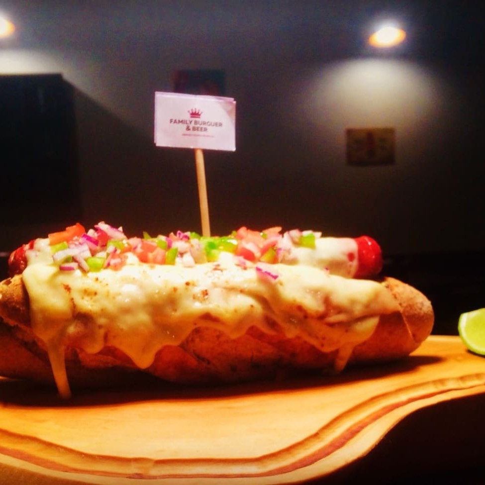 Pão rústico, creme de alho com parmesão, linguiça suína fina artesanal, mussarela, vinagrete e maionese artesanal.
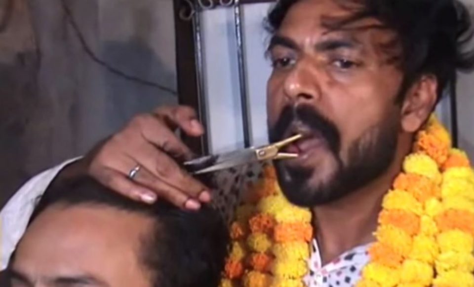 À la suite d’un accident survenu en 2006, Ansar Ahmad, un coiffeur indien, a dû réapprendre à travailler. Handicapé au niveau des mains il n’a pas voulu arrêter et a réappris à travailler. Sauf que maintenant c’est avec la bouche que le coiffeur exerce sa passion.
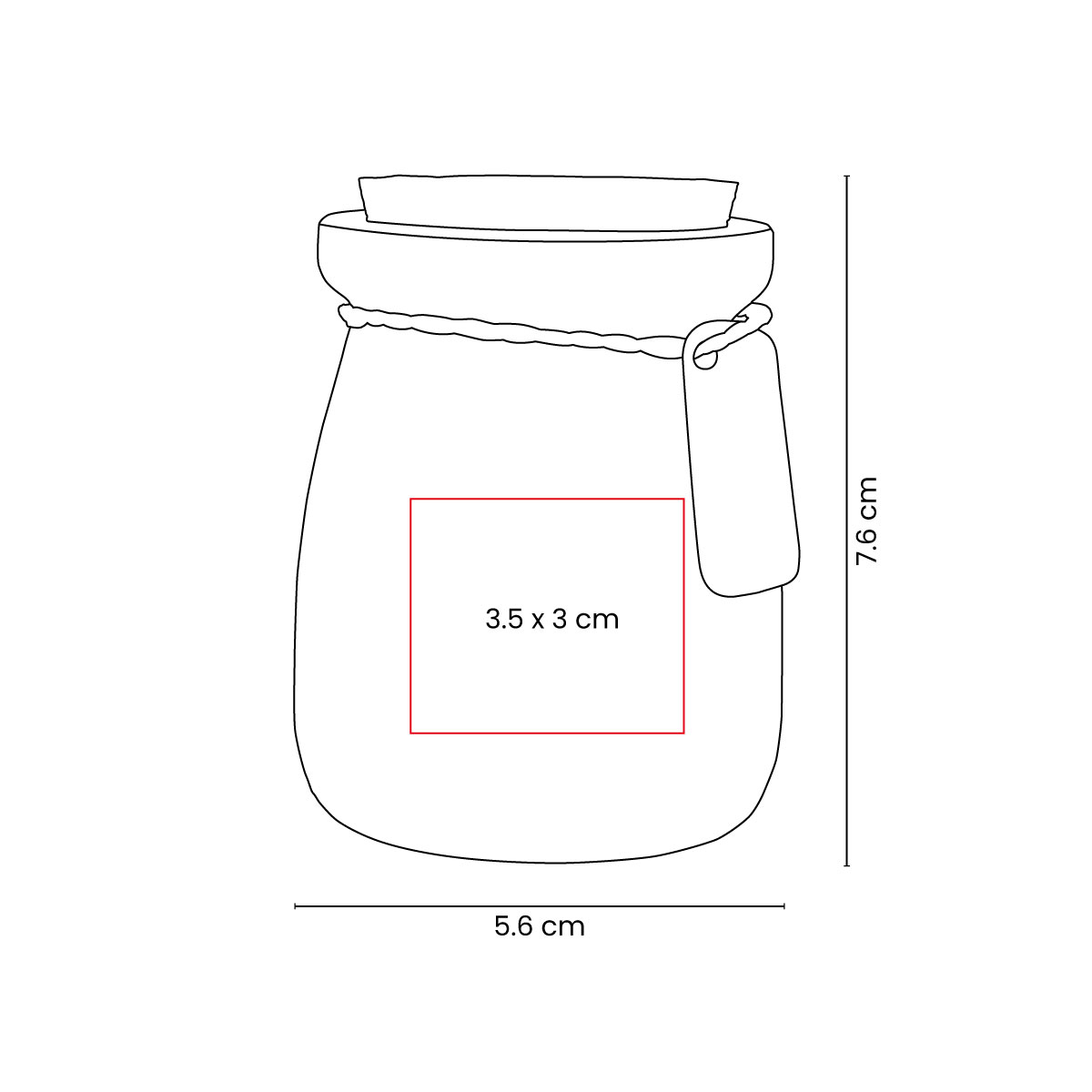 MATERIAL: Vidrio / Parafina / Corcho MEDIDAS: 5.6 x 7.6 cm IMPRESION: Tampografía / Serigrafía MED. EMPAQUE: 31 x 20 x 26.1 cm PESO EMPAQUE: 3 Kg PIEZAS EMPAQUE: 40
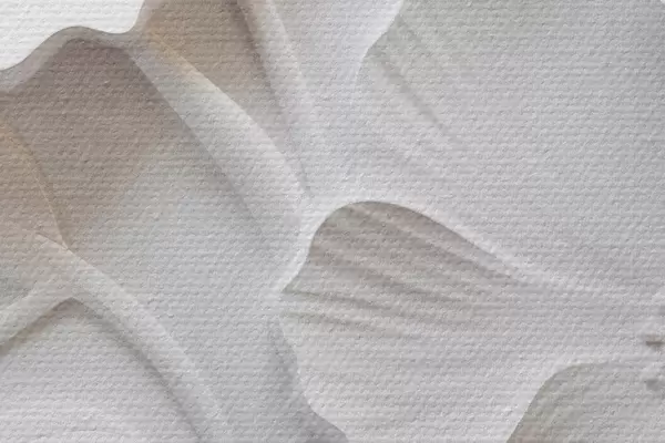 Obrázek Dekorativní minimalistické bílé květy s listy, imitace reliéfu, bílé pozadí Nr r45179
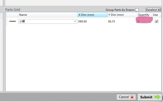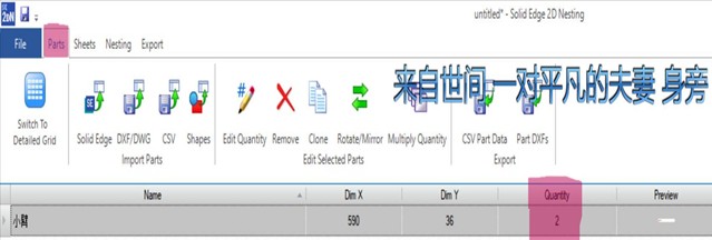 数量的设置(导入零件后会自动进入数量设置的页面),双击quantity下的数即可更改
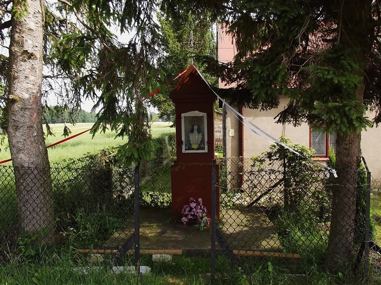 Znajduje się - jadąc od strony Makowa Mazowieckiego - prawie na samym końcu wsi. Jest to dwustopniowa, zadaszona kapliczka słupkowa zwieńczona żelaznym krzyżem. W najniższej jej części zachowała się płyciutka nisza, w której niestety nie ma już ani tabliczki, ani żadnego wyrytego (prawdopodobnie) napisu. W górnej części, za oszklonymi drzwiczkami umiejscowiono figurkę Matki Boskiej. Kapliczka ustawiona jest na wybetonowanym podłożu i otoczona jest siatką.

◇ ◇ ◇ ◇ ◇ ◇ ◇

• _Work to complete_: Repeat the material verbatim. Do not carry over any picture.

• _Answer to the problem_:
 Pão rústico, creme de alho com parmesão, linguiça suína fina artesanal, mussarela, vinagrete e maionese artesanal.
 À la suite d’un accident survenu en 2006, Ansar Ahmad, un coiffeur indien, a dû réapprendre à travailler. Handicapé au niveau des mains il n’a pas voulu arrêter et a réappris à travailler. Sauf que maintenant c’est avec la bouche que le coiffeur exerce sa passion.
 MATERIAL: Vidrio / Parafina / Corcho MEDIDAS: 5.6 x 7.6 cm IMPRESION: Tampografía / Serigrafía MED. EMPAQUE: 31 x 20 x 26.1 cm PESO EMPAQUE: 3 Kg PIEZAS EMPAQUE: 40
 Obrázek Dekorativní minimalistické bílé květy s listy, imitace reliéfu, bílé pozadí Nr r45179
 数量的设置(导入零件后会自动进入数量设置的页面),双击quantity下的数即可更改
 Znajduje się - jadąc od strony Makowa Mazowieckiego - prawie na samym końcu wsi. Jest to dwustopniowa, zadaszona kapliczka słupkowa zwieńczona żelaznym krzyżem. W najniższej jej części zachowała się płyciutka nisza, w której niestety nie ma już ani tabliczki, ani żadnego wyrytego (prawdopodobnie) napisu. W górnej części, za oszklonymi drzwiczkami umiejscowiono figurkę Matki Boskiej. Kapliczka ustawiona jest na wybetonowanym podłożu i otoczona jest siatką.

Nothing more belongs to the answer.